BEGIN Source records
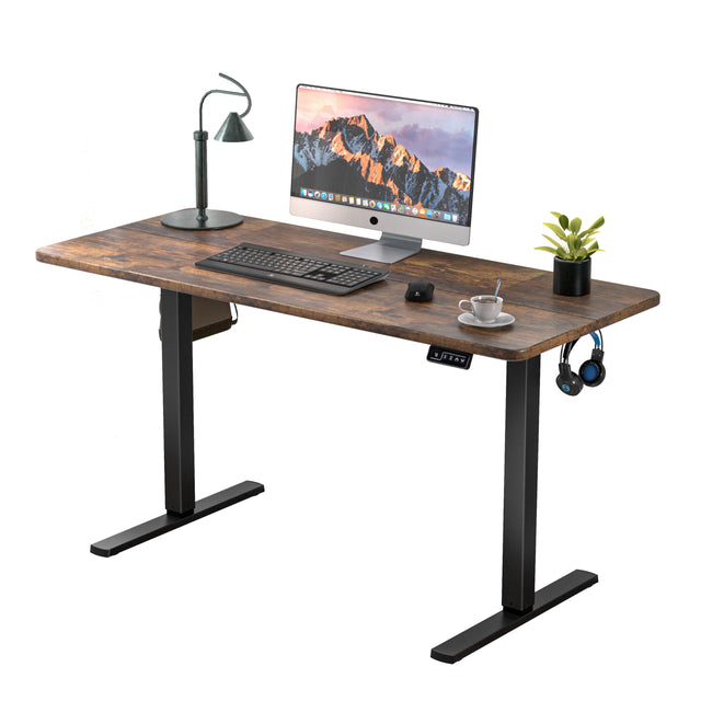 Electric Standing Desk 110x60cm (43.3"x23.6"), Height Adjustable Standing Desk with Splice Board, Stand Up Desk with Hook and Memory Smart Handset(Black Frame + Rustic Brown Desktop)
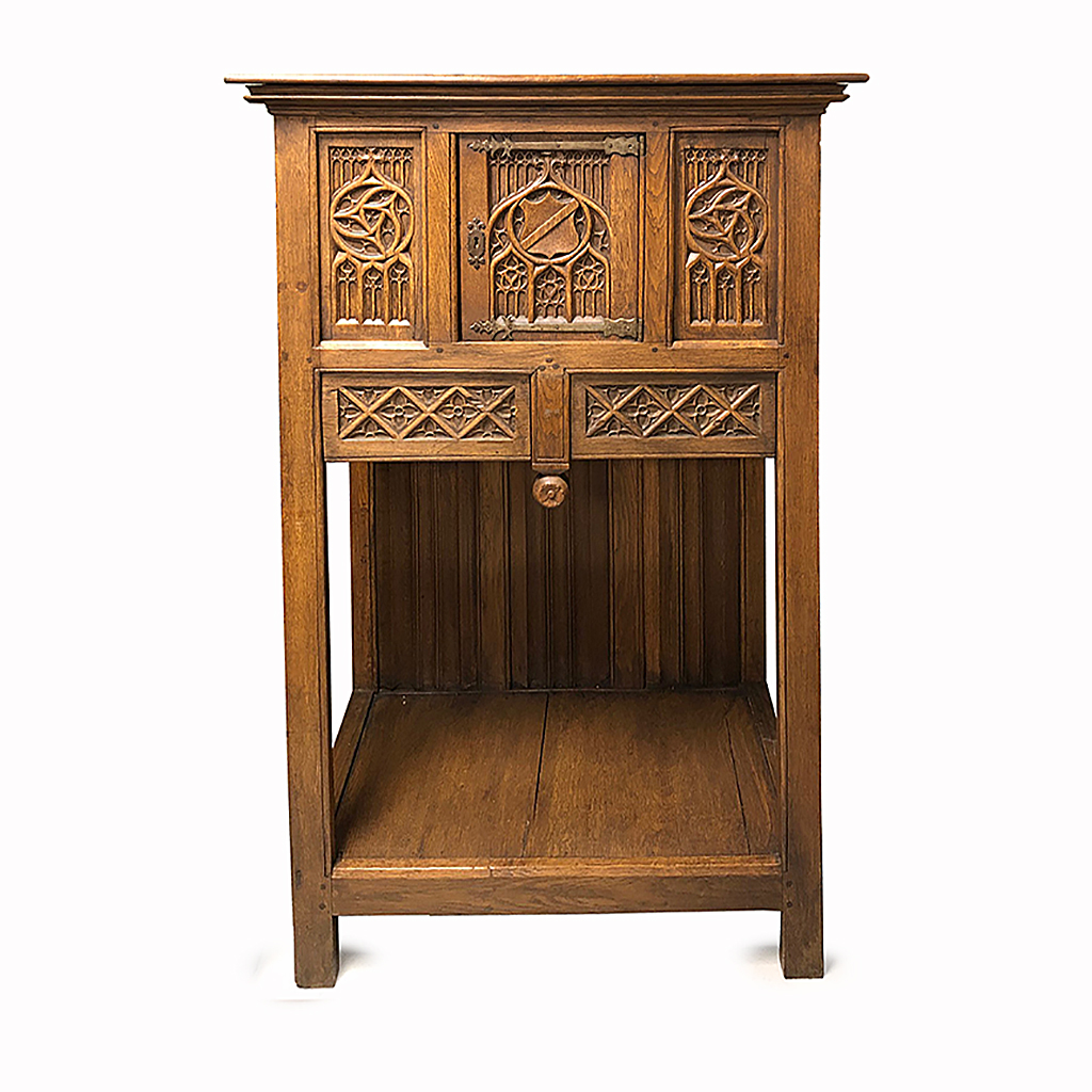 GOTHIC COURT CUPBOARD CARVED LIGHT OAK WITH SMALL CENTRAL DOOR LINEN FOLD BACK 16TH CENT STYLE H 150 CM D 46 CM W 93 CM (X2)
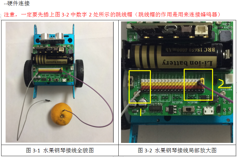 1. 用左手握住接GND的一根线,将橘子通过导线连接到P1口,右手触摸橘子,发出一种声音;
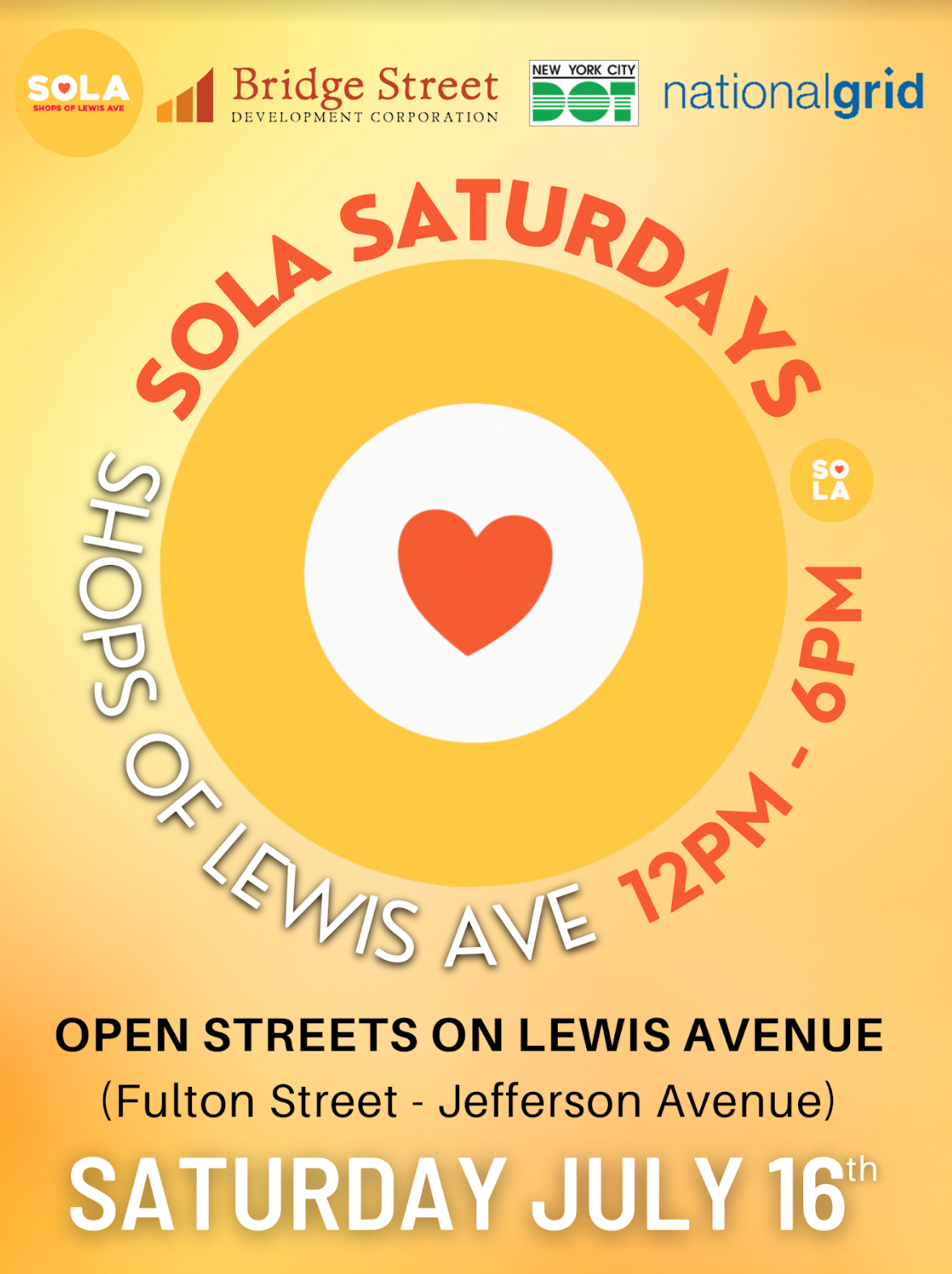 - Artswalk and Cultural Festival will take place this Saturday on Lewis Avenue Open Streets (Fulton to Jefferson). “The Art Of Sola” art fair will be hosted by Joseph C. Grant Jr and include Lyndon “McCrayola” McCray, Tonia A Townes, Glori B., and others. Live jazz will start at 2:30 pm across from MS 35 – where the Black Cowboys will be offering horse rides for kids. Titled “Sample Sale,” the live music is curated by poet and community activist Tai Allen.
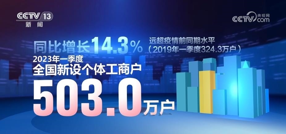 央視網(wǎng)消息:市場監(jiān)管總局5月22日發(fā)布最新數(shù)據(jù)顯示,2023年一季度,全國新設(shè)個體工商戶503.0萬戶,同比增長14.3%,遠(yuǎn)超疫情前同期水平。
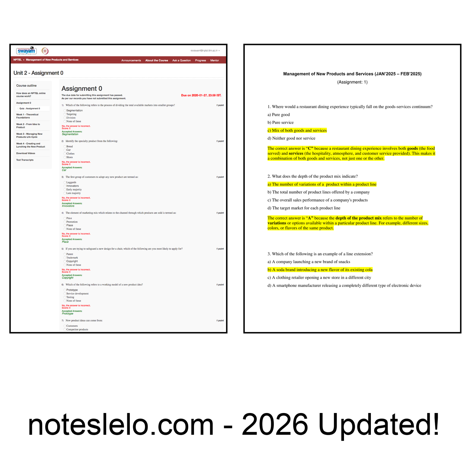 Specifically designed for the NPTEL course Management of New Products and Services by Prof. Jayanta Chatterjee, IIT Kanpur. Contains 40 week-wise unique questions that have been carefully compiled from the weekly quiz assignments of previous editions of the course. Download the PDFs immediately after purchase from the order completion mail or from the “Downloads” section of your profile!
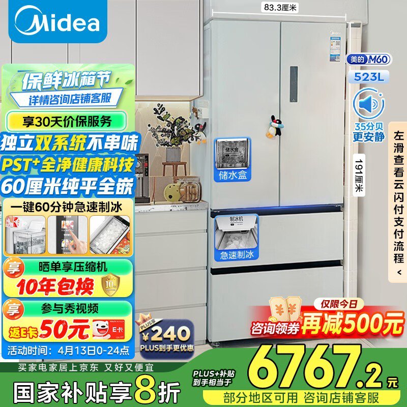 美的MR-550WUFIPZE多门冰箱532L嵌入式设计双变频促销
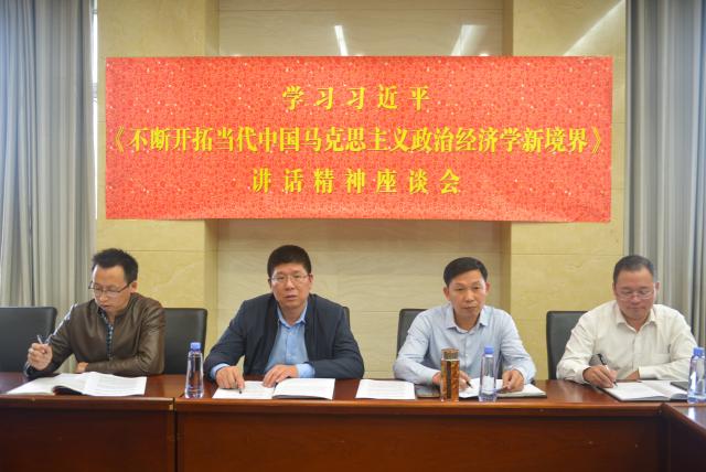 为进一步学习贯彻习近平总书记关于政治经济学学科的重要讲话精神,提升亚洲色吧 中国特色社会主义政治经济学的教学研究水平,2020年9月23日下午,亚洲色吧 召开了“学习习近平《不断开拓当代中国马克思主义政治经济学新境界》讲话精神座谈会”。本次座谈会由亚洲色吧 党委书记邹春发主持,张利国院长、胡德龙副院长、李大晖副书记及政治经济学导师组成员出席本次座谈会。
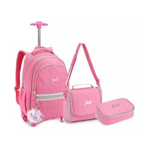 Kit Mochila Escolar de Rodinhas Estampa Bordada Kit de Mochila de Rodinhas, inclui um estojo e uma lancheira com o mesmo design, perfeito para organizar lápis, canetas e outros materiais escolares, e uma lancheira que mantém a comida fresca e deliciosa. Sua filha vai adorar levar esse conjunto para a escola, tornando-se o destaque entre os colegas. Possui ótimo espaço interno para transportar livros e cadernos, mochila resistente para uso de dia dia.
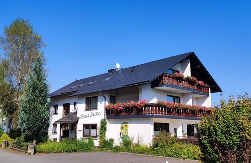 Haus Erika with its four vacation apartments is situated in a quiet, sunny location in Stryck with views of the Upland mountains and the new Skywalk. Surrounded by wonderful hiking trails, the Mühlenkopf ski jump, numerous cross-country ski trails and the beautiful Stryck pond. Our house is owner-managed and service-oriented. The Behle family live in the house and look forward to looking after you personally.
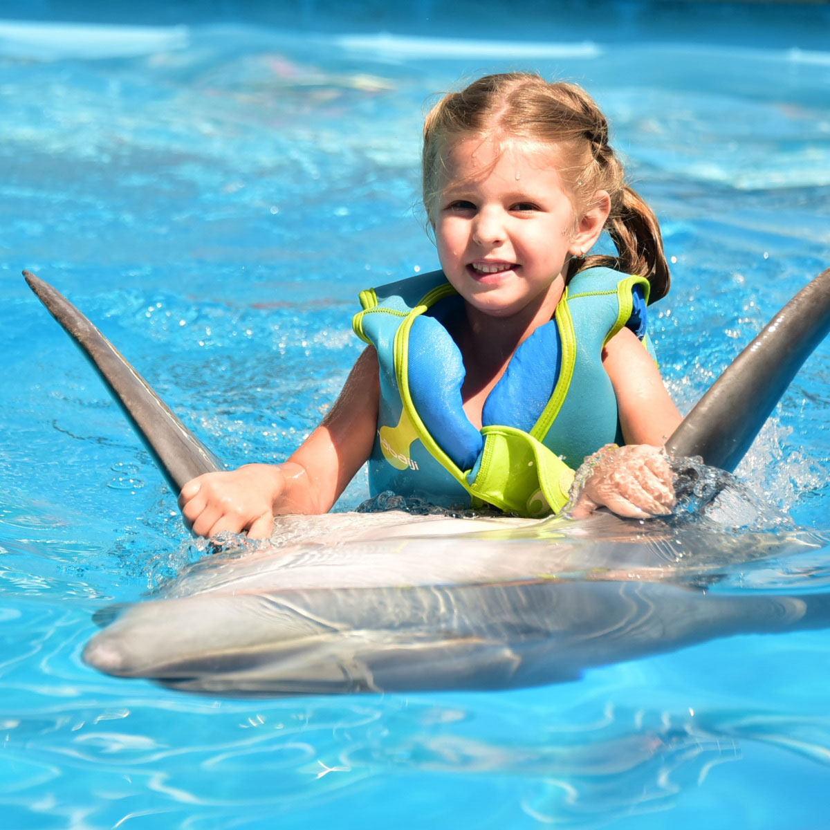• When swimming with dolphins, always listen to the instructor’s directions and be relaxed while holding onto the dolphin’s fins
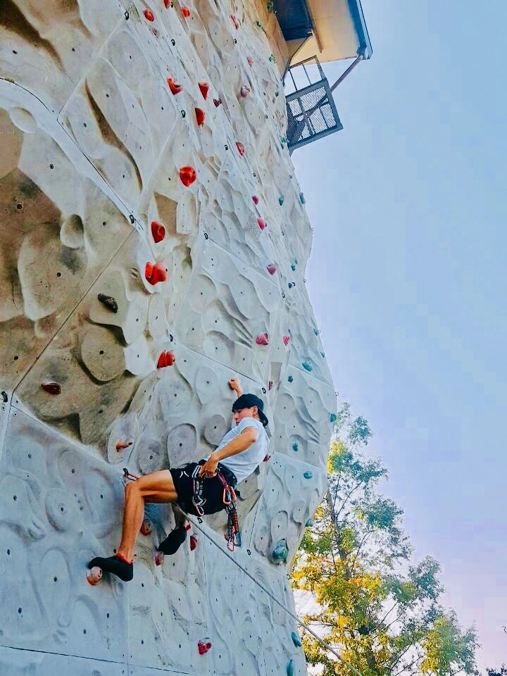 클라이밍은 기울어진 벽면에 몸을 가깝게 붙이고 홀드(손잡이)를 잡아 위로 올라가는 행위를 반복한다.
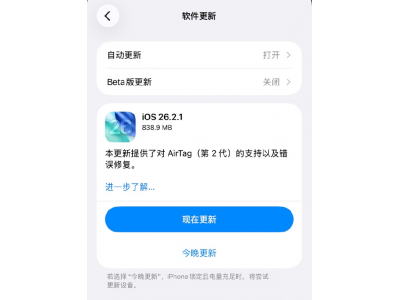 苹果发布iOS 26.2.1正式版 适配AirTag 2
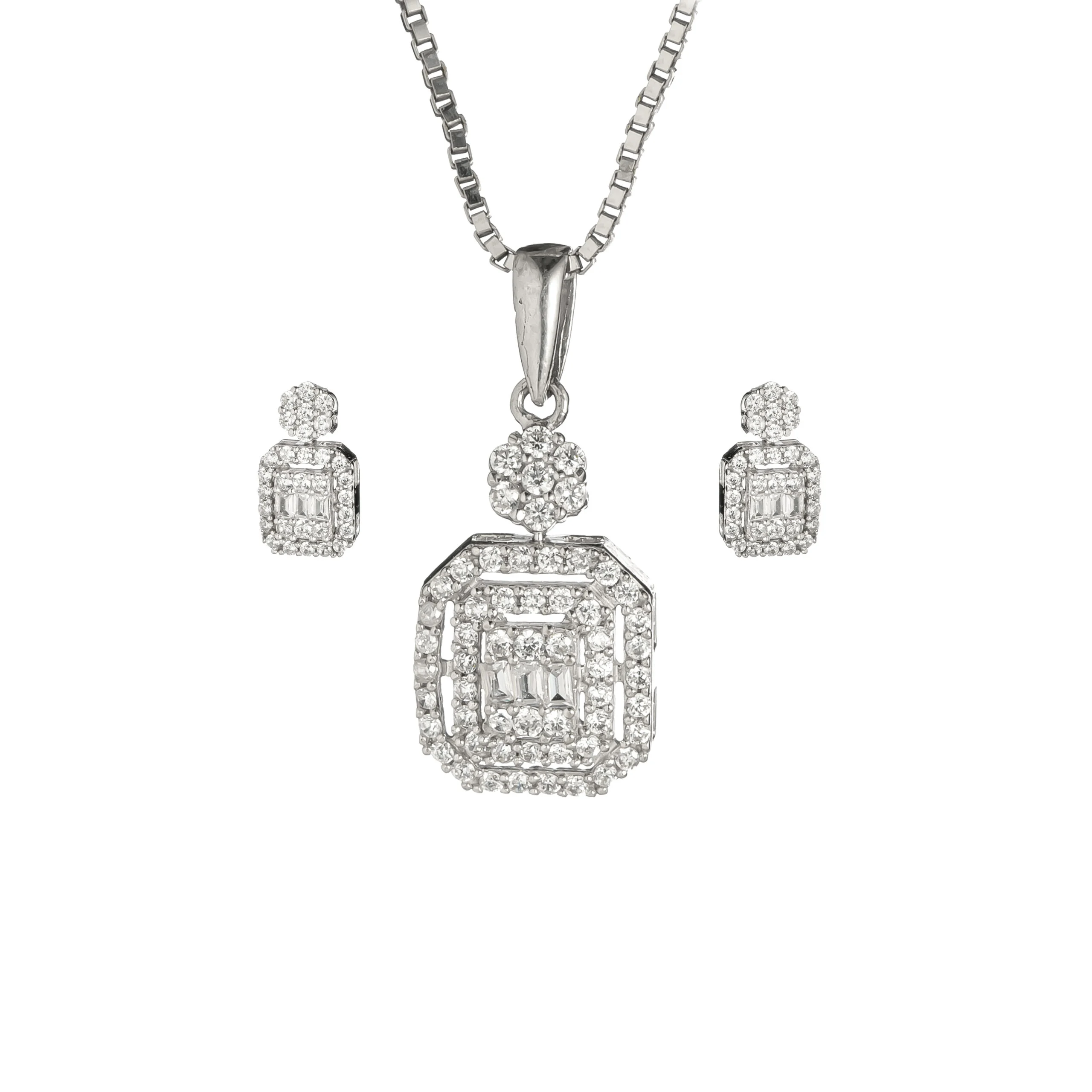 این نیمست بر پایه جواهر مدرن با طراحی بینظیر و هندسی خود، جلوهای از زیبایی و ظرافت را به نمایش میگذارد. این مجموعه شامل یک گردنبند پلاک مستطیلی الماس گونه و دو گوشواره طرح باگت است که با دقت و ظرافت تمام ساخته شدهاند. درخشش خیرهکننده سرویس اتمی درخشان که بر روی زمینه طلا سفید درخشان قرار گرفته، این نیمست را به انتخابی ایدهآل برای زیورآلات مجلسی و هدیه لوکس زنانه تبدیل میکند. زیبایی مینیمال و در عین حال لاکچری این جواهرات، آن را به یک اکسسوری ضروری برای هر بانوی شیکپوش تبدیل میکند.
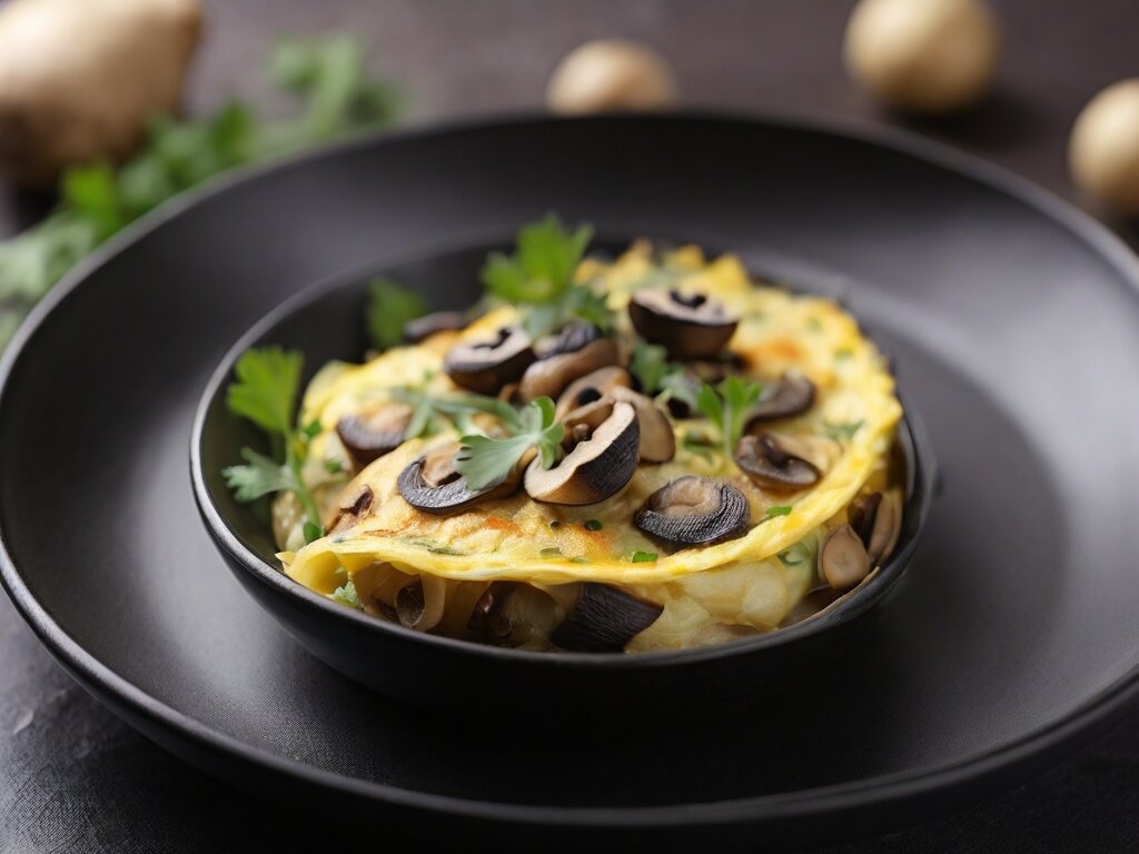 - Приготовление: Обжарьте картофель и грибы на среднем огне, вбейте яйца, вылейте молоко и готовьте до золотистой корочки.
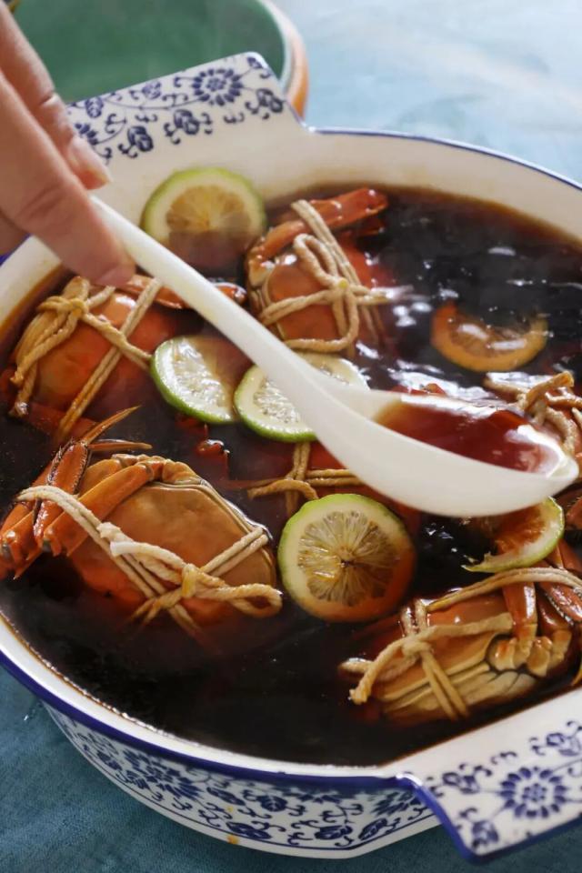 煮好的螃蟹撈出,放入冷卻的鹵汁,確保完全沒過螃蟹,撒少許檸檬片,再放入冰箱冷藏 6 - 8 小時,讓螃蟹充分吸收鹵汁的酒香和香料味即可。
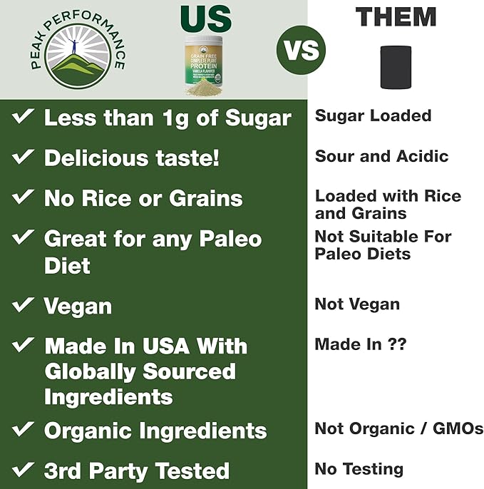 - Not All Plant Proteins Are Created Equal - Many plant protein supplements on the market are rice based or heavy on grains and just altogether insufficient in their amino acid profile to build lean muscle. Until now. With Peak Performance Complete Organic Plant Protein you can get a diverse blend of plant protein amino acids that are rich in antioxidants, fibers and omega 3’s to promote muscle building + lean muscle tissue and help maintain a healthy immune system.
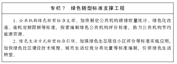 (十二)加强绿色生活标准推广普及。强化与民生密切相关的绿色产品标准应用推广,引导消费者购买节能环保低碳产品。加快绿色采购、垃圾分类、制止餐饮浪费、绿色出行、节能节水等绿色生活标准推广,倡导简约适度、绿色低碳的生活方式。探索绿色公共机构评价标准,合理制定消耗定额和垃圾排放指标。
END Source records
Exercise: In the answer, give only the lines from the top of the data above through the line with "1. 用左手握住接GND的一", reproduced exactly; no picture may appear.

Exercise output:
 Electric Standing Desk 110x60cm (43.3"x23.6"), Height Adjustable Standing Desk with Splice Board, Stand Up Desk with Hook and Memory Smart Handset(Black Frame + Rustic Brown Desktop)
 GOTHIC COURT CUPBOARD CARVED LIGHT OAK WITH SMALL CENTRAL DOOR LINEN FOLD BACK 16TH CENT STYLE H 150 CM D 46 CM W 93 CM (X2)
 1. 用左手握住接GND的一根线,将橘子通过导线连接到P1口,右手触摸橘子,发出一种声音;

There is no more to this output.